# Fellow craft degree!



## SeattleMason0613 (Sep 27, 2013)

I have my fellow craft degree tonight really excited and nervous should be a long night but a memorable one I hope! 


My Freemasonry HD


----------



## crono782 (Sep 27, 2013)

You will surely enjoy it brother. The FC degree has some serious meat to it which you'll realize once it has soaked in (and also if you progress into the Capitular degrees later). 


My Freemasonry HD


----------



## broglover79 (Sep 27, 2013)

Congrats I'm  FC now waitin for the date on my master degree


My Freemasonry HD


----------



## SeattleMason0613 (Sep 27, 2013)

Yes I can't wait ready to get off work, take a nap and just experience 


My Freemasonry HD


----------



## Brother JC (Sep 29, 2013)

It's a wonderful experience. Congratulations!


----------



## NativeSteel (Sep 29, 2013)

I loved the FC !!  I can tell I'm getting more and more light. I did mine last week.

" SEMPER ANTICUS "


----------



## PLAH3 (Oct 2, 2013)

I am a FC now and there is a lot to know. Good luck!


My Freemasonry HD


----------



## SeattleMason0613 (Oct 2, 2013)

Just waiting to be assigned a mentor so I can dive into the cypher work, I am studying the lecture and tools now 


My Freemasonry HD


----------



## PLAH3 (Oct 2, 2013)

Also some places require the 47 problem so that'll be important. What other blue lodge organizations are there aside from PHA and mainstream?


My Freemasonry HD


----------



## SeattleMason0613 (Oct 2, 2013)

47 problem?


My Freemasonry HD


----------



## crono782 (Oct 2, 2013)

Don't worry about that now.


----------



## PLAH3 (Oct 2, 2013)

Yea like I said it probably different by lodge because we learned it. 


My Freemasonry HD


----------



## SeattleMason0613 (Oct 2, 2013)

We kind learn stuff on our own, we do a lecture after the degree and the rest is up to us to learn we get a mentor and study the PL and WT and obligation 


My Freemasonry HD


----------



## SeattleMason0613 (Oct 2, 2013)

We are starting a fireplace side fellow craft discussion group, this could be something I can research and present at


My Freemasonry HD


----------



## hidonmesahj (Oct 2, 2013)

How long is the average response time from petition to decision? 
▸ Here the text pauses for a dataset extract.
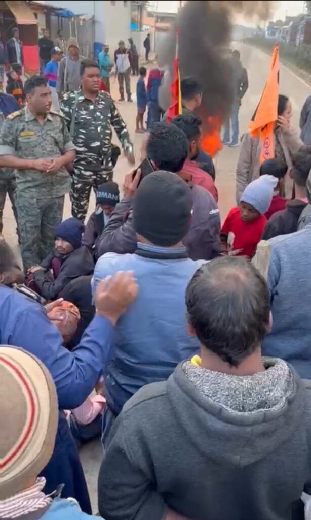 रांची। रांची जिले के मांडर के मुड़मा में मंदिर की मूर्ति को असामाजिक तत्वों ने खंडित कर दिया। जिसके विरोध में आक्रोशित ग्रामीणों ने सुबह से ही सड़क पर उतर आए हैं और एनएच-75 को जाम कर दिया है। रांची मांडर के मुड़मा चौक पर आक्रोशित लोगों को प्रशासन द्वारा समझाने की कोशिश हो रही है। सड़क पर आगजनी की गई है आवागमन पूरी तरह से बाधित है। मिली जानकारी के अनुसार मांडर के मुड़मा में चार मंदिरों की प्रतिमा को खंडित किया गया है। महाबीर मंदिर, छोटा बजरंग बली मंदिर, बुढ़ा महादेव, मड़ई देवी मंडप में अज्ञात असामाजिक तत्वों केद्वारा घटना को अंजाम दिया गया है। पुलिस आक्रोशित ग्रामीणों को समझाने की कोशिश कर रहे हैं, लेकिन ग्रामीण उग्र है। घटना को अंजाम देने वालों की गिरफ्तारी की मांग कर रहे हैं। वहीं, समाज के प्रबुद्धजन ग्रामीणों को समझाने की कोशिश कर रहे हैं, लेकिन ग्रामीण मानने को तैयार नहीं है। भारी संख्या में पुलिस बल को तैनात कर दिया है।

Sent from my HTC One SV using Freemason Connect HD mobile app


----------



## SeattleMason0613 (Oct 2, 2013)

Well you petition they read it at stated, they assign an investigative committee and then vote on you at the next meeting so depending on how often the lodge you petition meets. Mine took about two months, but there is no rush what so ever 


My Freemasonry HD


----------



## hidonmesahj (Oct 2, 2013)

I've waited over a year to formally petition a lodge that I thought suited me & so I could gain some insight into what it is I would be getting involved with. Patience is really no issue, I was just curious bc I never actually petioned until about a week ago. But thx.

Sent from my HTC One SV using Freemason Connect HD mobile app


----------



## SeattleMason0613 (Oct 2, 2013)

Ask the guys at your lodge! 


My Freemasonry HD


----------



## hidonmesahj (Oct 2, 2013)

Thx. For your help, bro.

Sent from my HTC One SV using Freemason Connect HD mobile app


----------



## dfreybur (Oct 2, 2013)

SeattleMason0613 said:


> 47 problem?



The 47th problem in Euclid's geometry textbook The Elements is also known as the Pythagorean Theorem.  As it is a mechanism to create a square it is deeply symbolic and significant to Masonry.  There are even jurisdictions that use it as the Past Masters emblem.


----------



## SeattleMason0613 (Oct 2, 2013)

Still so much to learn...thanks 


My Freemasonry HD


----------



## PLAH3 (Oct 3, 2013)

Wow I didn't know it was used as a emblem too. Are there other families of masonry aside from Prince Hall and Mainstream (for the blue lodge). 


My Freemasonry HD


----------



## dfreybur (Oct 4, 2013)

PLAH3 said:


> Wow I didn't know it was used as a emblem too. Are there other families of masonry aside from Prince Hall and Mainstream (for the blue lodge).



UGLE uses the 47th problem as their PM symbol so that makes us Americans the other family.  Making a square, making a Mason.  Richly symbolic.

In GLofTX the Committee on Work uses the 47th problem as their emblem.  Each jurisdiction handles its variation on the ritual differently - GLofTX uses a committee.  As their job is preserving and teaching degree work it's natural for their symbol to be about making squares.


----------



## PLAH3 (Oct 4, 2013)

Hope either if you don't mind me asking but are either of you Prince Hall Masons?


My Freemasonry HD


----------



## SeattleMason0613 (Oct 4, 2013)

Nope 


My Freemasonry HD


----------



## rebis (Oct 6, 2013)

SeattleMason0613 said:


> 47 problem?
> 
> 
> My Freemasonry HD



47th problem of Euclid.


My Freemasonry HD


----------



## PLAH3 (Oct 17, 2013)

I passed my proficiency and get raised on Saturday!

My Freemasonry HD


----------



## rebis (Nov 6, 2013)

PLAH3 said:


> I passed my proficiency and get raised on Saturday!
> 
> My Freemasonry HD



Congratulations brother!


My Freemasonry


----------



## PLAH3 (Nov 7, 2013)

Thanks

My Freemasonry


----------



## SeattleMason0613 (Nov 7, 2013)

I proved up two nights ago being raised next month 


My Freemasonry


----------



## PLAH3 (Nov 8, 2013)

Hey I'm from Tacoma how are thing up there

My Freemasonry


----------



## SeattleMason0613 (Nov 8, 2013)

Fantastic brother! What lodge do you belong too? 


My Freemasonry


----------



## PLAH3 (Nov 9, 2013)

Labor System Lodge 324 in Panama City Florida, I'm in the military.

My Freemasonry


----------